- Source records
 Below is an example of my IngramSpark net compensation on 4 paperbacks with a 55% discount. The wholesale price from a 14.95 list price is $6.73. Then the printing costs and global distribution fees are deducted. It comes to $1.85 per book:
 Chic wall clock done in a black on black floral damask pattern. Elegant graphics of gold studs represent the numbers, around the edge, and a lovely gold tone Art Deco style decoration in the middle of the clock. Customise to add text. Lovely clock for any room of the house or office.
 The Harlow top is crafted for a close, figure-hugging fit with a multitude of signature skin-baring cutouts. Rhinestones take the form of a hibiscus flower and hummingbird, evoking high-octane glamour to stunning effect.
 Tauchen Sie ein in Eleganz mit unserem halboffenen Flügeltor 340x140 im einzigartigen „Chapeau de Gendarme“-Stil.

--

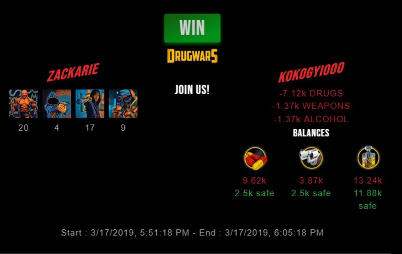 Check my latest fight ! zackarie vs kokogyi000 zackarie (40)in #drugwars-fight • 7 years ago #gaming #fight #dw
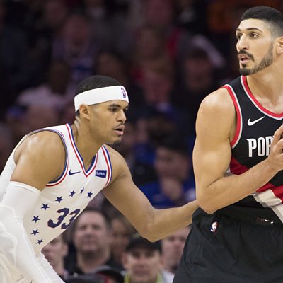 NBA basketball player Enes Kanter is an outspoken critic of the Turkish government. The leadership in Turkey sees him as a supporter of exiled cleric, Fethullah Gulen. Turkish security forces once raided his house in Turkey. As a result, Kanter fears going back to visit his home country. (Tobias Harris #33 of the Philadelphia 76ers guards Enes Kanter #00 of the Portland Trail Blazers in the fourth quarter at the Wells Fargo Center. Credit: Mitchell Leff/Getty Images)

---

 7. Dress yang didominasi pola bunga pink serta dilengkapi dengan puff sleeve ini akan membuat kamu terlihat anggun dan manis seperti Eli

- Required work
Show all of the lines above in which "with" is present.

- Answer to this problem
 Below is an example of my IngramSpark net compensation on 4 paperbacks with a 55% discount. The wholesale price from a 14.95 list price is $6.73. Then the printing costs and global distribution fees are deducted. It comes to $1.85 per book:
 The Harlow top is crafted for a close, figure-hugging fit with a multitude of signature skin-baring cutouts. Rhinestones take the form of a hibiscus flower and hummingbird, evoking high-octane glamour to stunning effect.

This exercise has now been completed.